Regulation by calmodulin of adenylate cyclase activity in anterior pituitary.

The control of adenylate cyclase activity is exerted through separate components: receptors, guanyl nucleotide-binding protein, catalytic subunit, calmodulin (CaM), and divalent cations. We examined the roles of CaM, Mg+2, and Ca+2 in the regulation of adenylate cyclase activity in plasma membranes from anterior pituitary.
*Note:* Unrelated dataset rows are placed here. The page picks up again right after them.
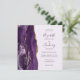 The left-hand side of this elegant modern square wedding invitation features a purple watercolor agate border trimmed with faux gold glitter. The customizable text combines charcoal grey handwriting, copperplate and italic fonts on a pale lavender background. The reverse side features a matching purple and gold agate design.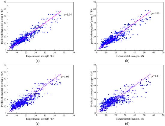 where Testi denotes the i-th experimental bond strength; Traini denotes the corresponding predicted value; and μ represents the mean ratio of predicted to experimental values.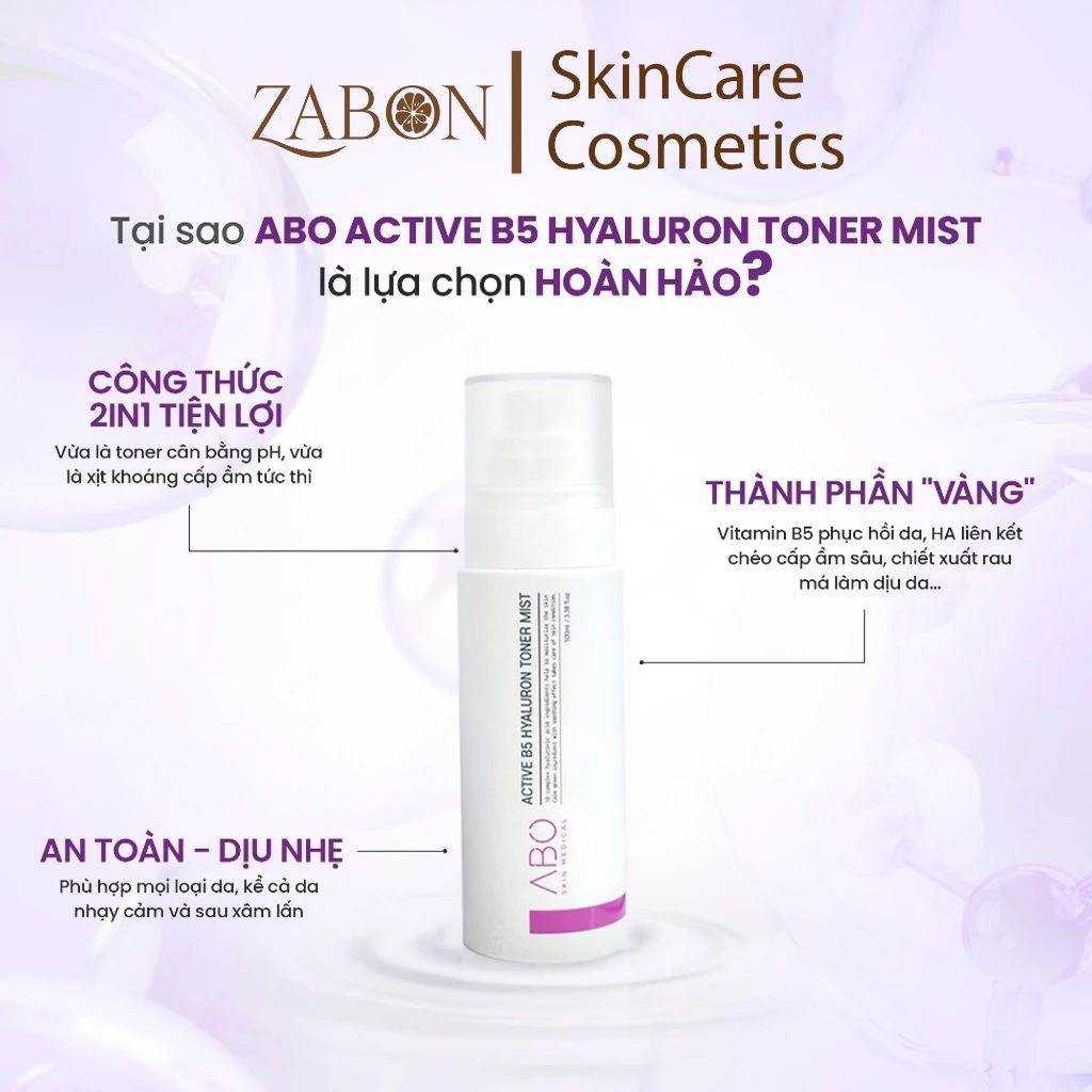 Xịt khoáng toner 2in1 B5 HYALURON TONER MIST ABO - Giúp cấp ẩm, căng bóng da, phục hồi da và chống lão hóa

Adenylate cyclase activity was reduced with 2.5 mM EGTA, 125 micrograms/ml compound 48/80, and 200 microM trifluoperazine, which are known inhibitors of CaM in a variety of tissues. Mg+2, in excess of ATP, stimulated adenylate cyclase activity. Ca+2 produced a biphasic effect on adenylate cyclase activity over the concentration range of 0.1-10 mM, exhibiting inhibition up to 2.0 mM and stimulation above that. GTP, 5'-guanylylimidodiphosphate, and F- each enhanced adenylate cyclase activity, but activity stimulated after each of these agents was reduced or returned toward control values by administration of compound 48/80 or trifluoperazine. In the absence of free Mg+2 (i.e. Mg+2 in excess of ATP concentrations), 10 mM Ca+2 produced marked stimulation of adenylate activity which was not reduced by trifluoperazine. We concluded that the plasma membranes from anterior pituitary possess a CaM-dependent adenylate cyclase and that activation of adenylate cyclase by guanyl nucleotide-binding protein requires CaM. Ca+2 may have allosteric binding sites on the catalytic subunit, and Ca+2 and Mg+2 appear to have antagonistic effects at different binding sites.